In my mind, those workplaces include:

  1. A high proportion of indigenous workers
  2. A mix of indigenous and non-indigenous workers, where the latter can affiliate with an indigenous culture
  3. A mix of the above workers and new migrant workers, where the latter may feel more inclined to participate where an indigenous culture is recognized.

In workplaces two and three, indigenous culture can bring on board and enfranchise non-indigenous workers that are at no less risk. I see indigenous culture as the peg in the ground.
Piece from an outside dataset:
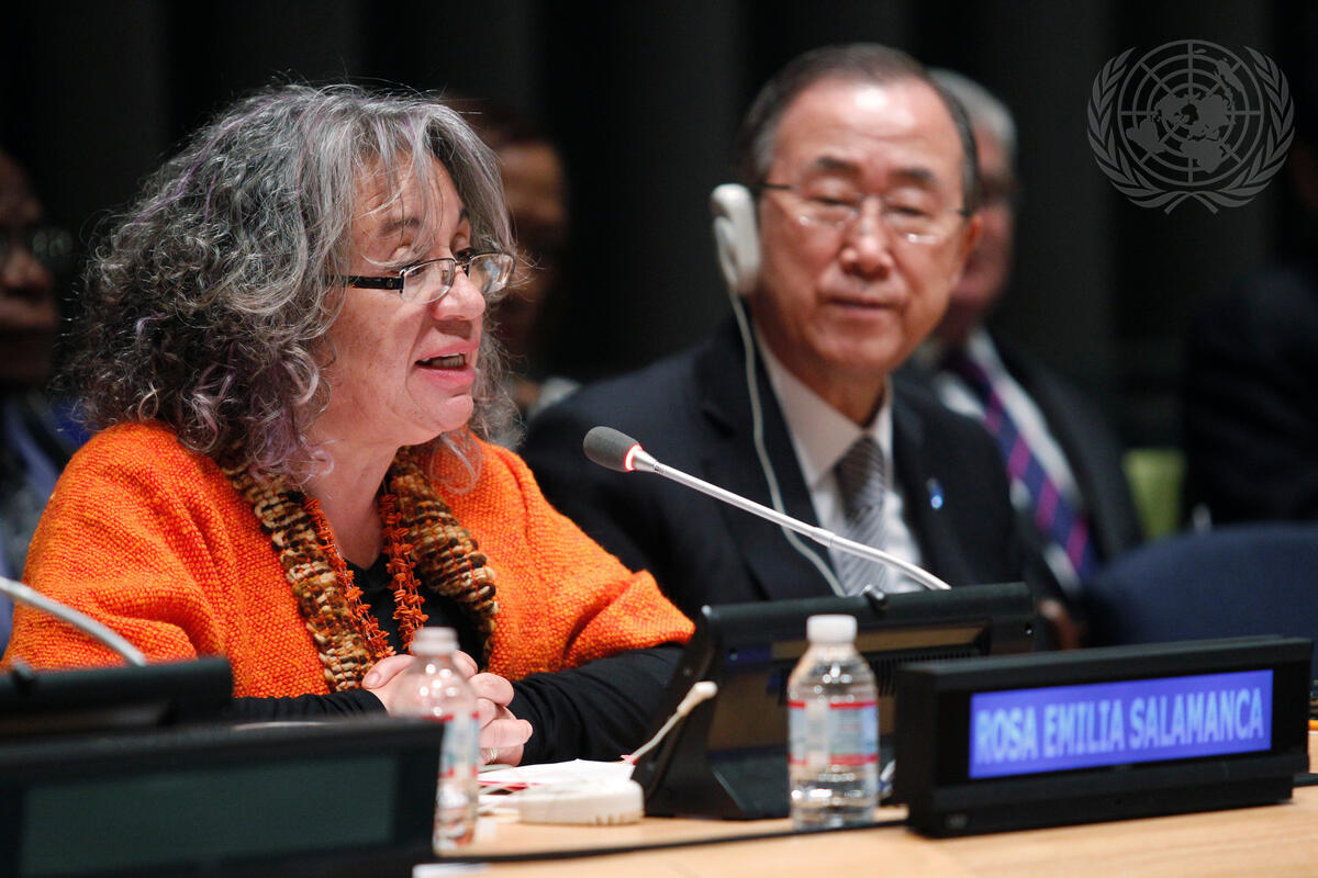 Rosa Emilia Salamanca (left), head of Corporación de Investigación y Acción Social e Económica (CIASE) in Colombia, addresses the opening meeting of the debate. At her side is Secretary-General Ban Ki-moon.

I see no reason why other cultures cannot be included in safer workplace systems.

WHY

Reading between the lines, the underlying question is why introduce an indigenous culture into the workplace. I offer four reasons:

  1. Why not? If the worker follows cultural values at home to improve their well-being then why wouldn’t you allow them at work.
  2. Indigenous workers are the most at risk in the world, and other workers in the same predicament usually live in the same communities. They may readily affiliate to notions found in indigenous cultures.
  3. In New Zealand, its a legal duty to engage workers in their health and safety and provide them with opportunities to participate. This can be more effective in some workplaces attuned with a relevant indigenous culture.
  4. Conventional and culturally indifferent safer workplace systems in the kinds of workplaces I have listed can represent square pegs and round holes. They can obscure key safety messages, impede worker participation and thwart a sustainable safety culture from developing. They can inadvertently provide a false sense of safety.

AND WHO

Unsurprisingly, leaders need to set the agenda and workers need to participate but the tipping point may come fast.

That quiet unassuming machinist might just come forward with a wealth of indigenous knowledge and his colleagues may just be able to apply it as a safer practice.

It’s a bold move to legitimately introduce an indigenous culture into a workplace. I take my hat off to leaders who try improve worker safety. After years of being the experts, they have to let go of their inhibitions and expose themselves to skepticism – that takes courage.